Abstract

The energy of hydrolysis of phosphate compounds varies depending on whether they are in solution or bound to the catalytic site of enzymes. With the purpose of simulating the conditions at the catalytic site, the observed equilibrium constant for pyrophosphate hydrolysis (Kobsd) was measured in aqueous mixtures of dimethyl sulfoxide, ethylene glycol, or polymers of ethylene glycol. The reaction was catalyzed by yeast inorganic pyrophosphatase at 30 degrees C. All the cosolvents used promoted a decrease of Kobsd. Polymers of ethylene glycol were more effective than dimethyl sulfoxide or ethylene glycol in decreasing Kobsd. The higher the molecular weight of the polymer, the lower the value of Kobsd.
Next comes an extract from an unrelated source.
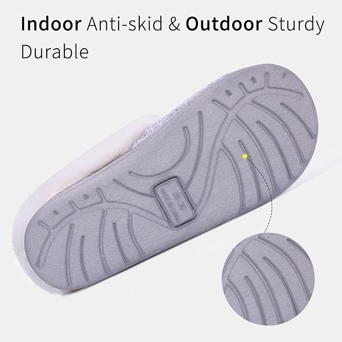 - Classic Winter Knit Slippers: Featuring a breathable chenille knit uppers design, along with high-quality and comfort fluffy faux fur collar trim, lined with thickening fleece, the house slippers wrap your feet very well, keep your feet nice and toasty whether in socks or bare feet.
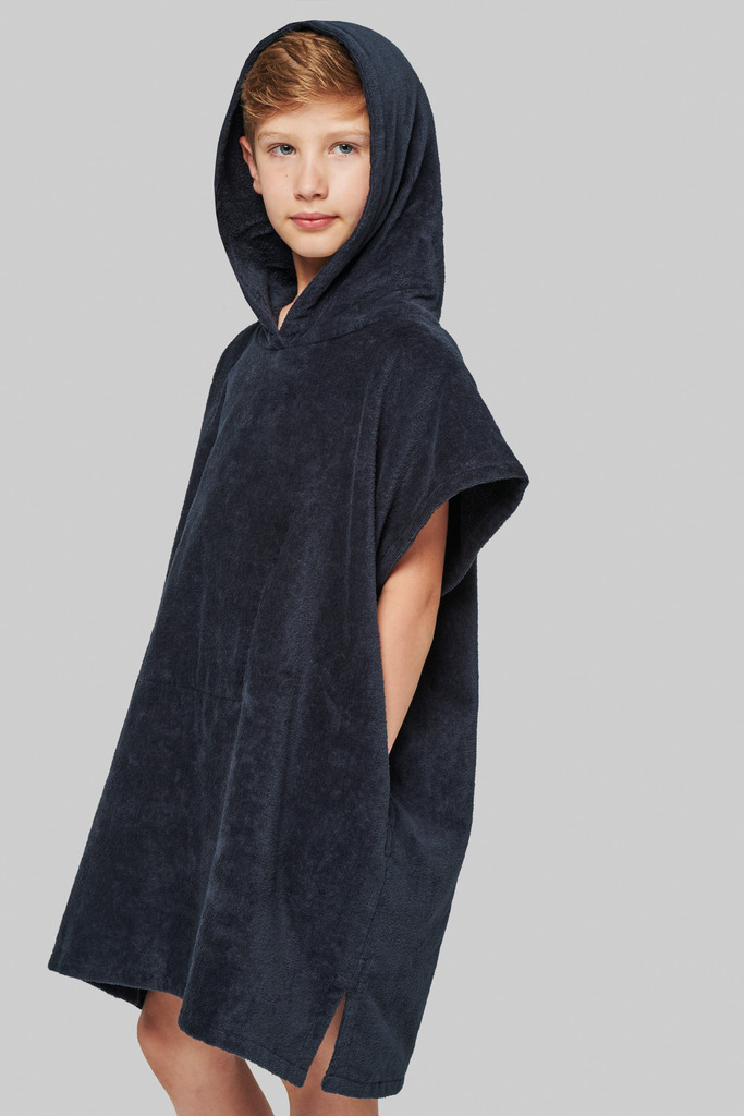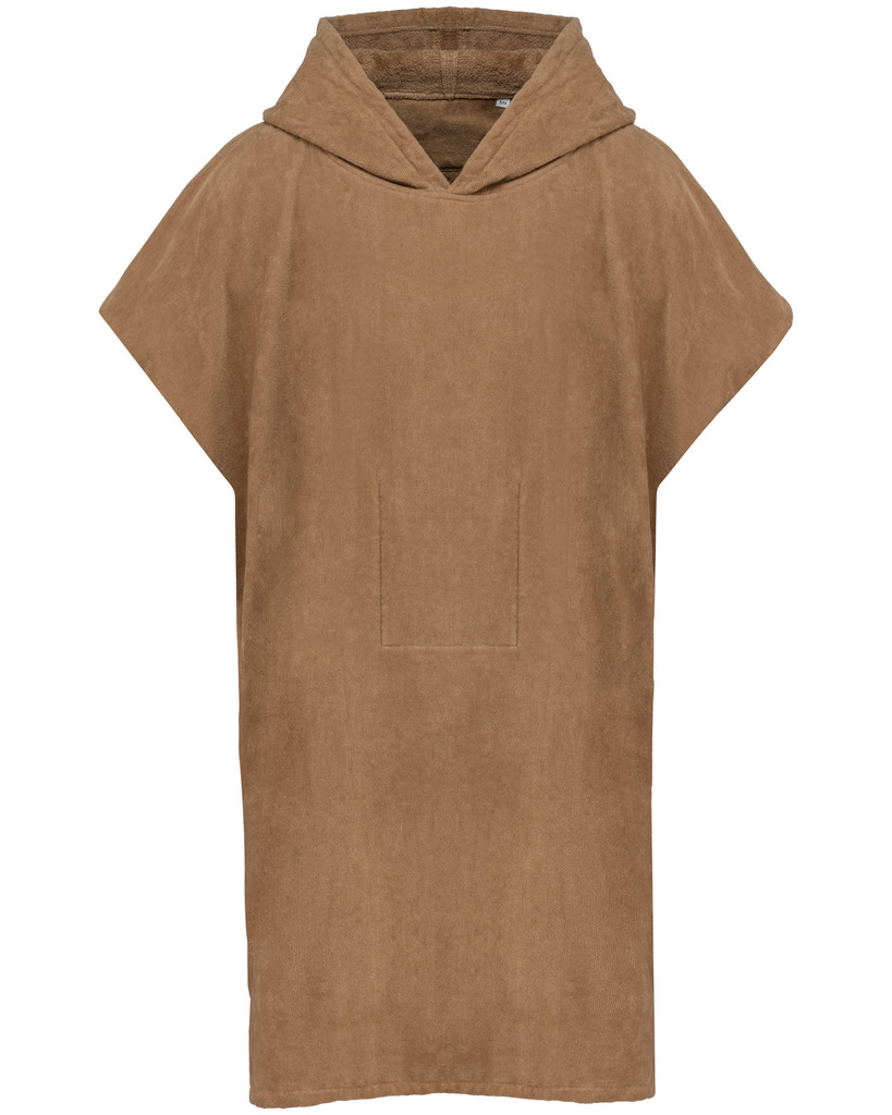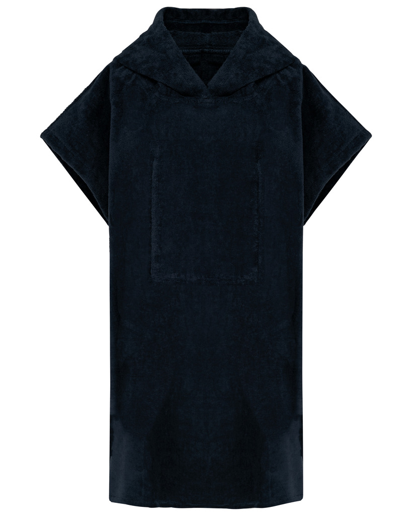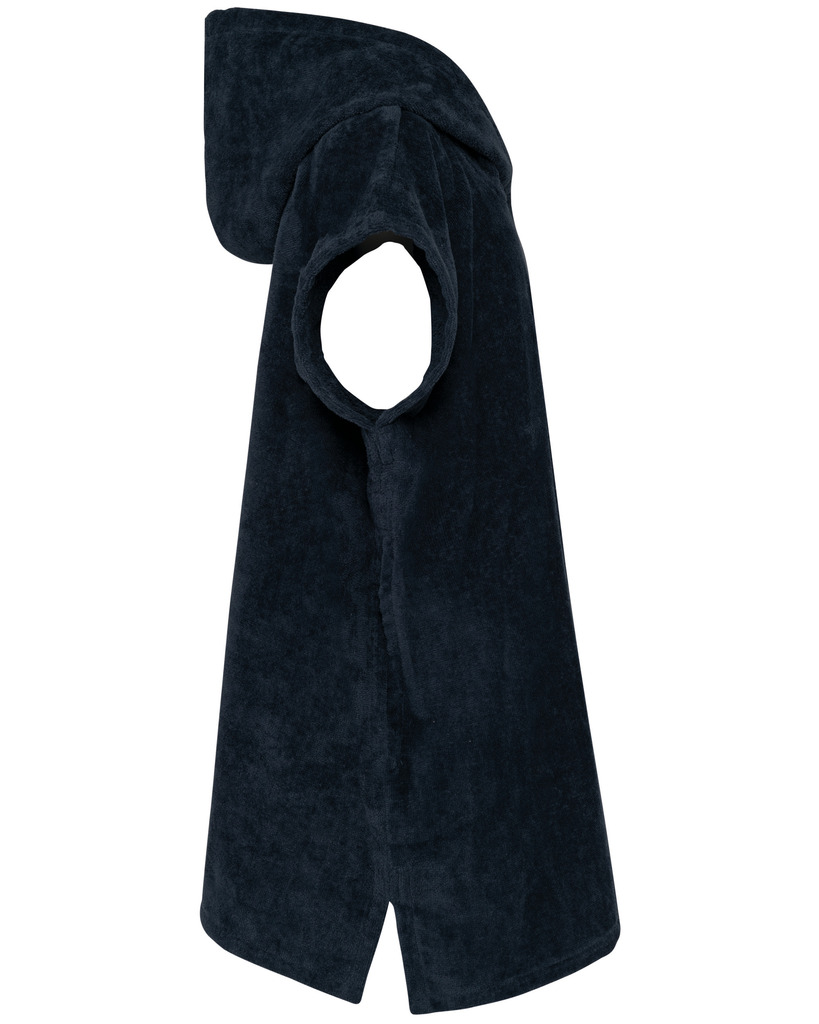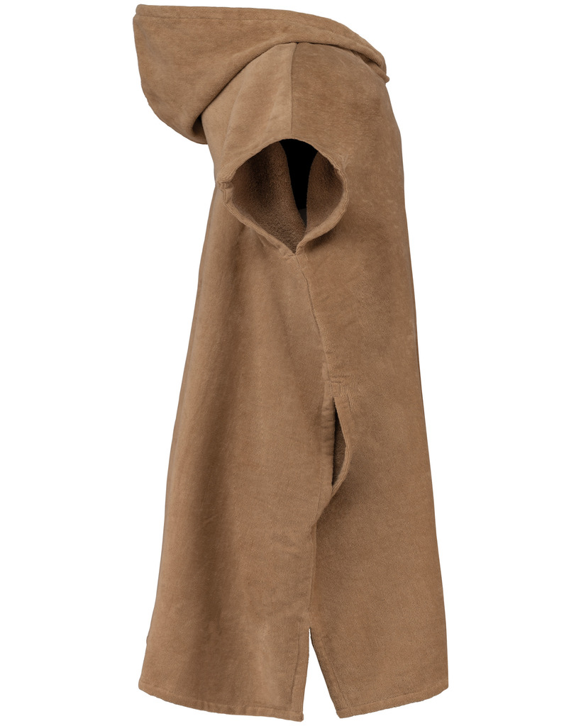 100% algodão biológico. Tecido Terry. Capuz cruzado na frente. Bolso grande central aberto no interior da peça. 2 aberturas laterais a meio para facilitar o vestir e o despir. 2 aberturas laterais com costuras de reforço. Acabamento em meia-lua nas costas para facilitar a personalização de marca no interior. Etiqueta da marca Tear-away.

A decrease in Kobsd from 346 M (delta G degree obsd = -3.5 kcal mol-1) to 0.1 M (delta G degree obsd = 1.3 kcal mol-1) was observed after the addition of 50% (w/v) poly(ethylene glycol) 8000 to a solution containing 0.9 mM MgCl2 and 1 mM Pi at pH 8.0. The association constants of Pi and pyrophosphate for H+ and Mg2+ were measured in presence of different ethylene glycol concentrations in order to calculate the Keq for hydrolysis of different ionic species of pyrophosphate. A decrease in all the Keq was observed. The results are interpreted according to the concept that the energy of hydrolysis of phosphate compounds depends on the different solvation energies of reactants and products.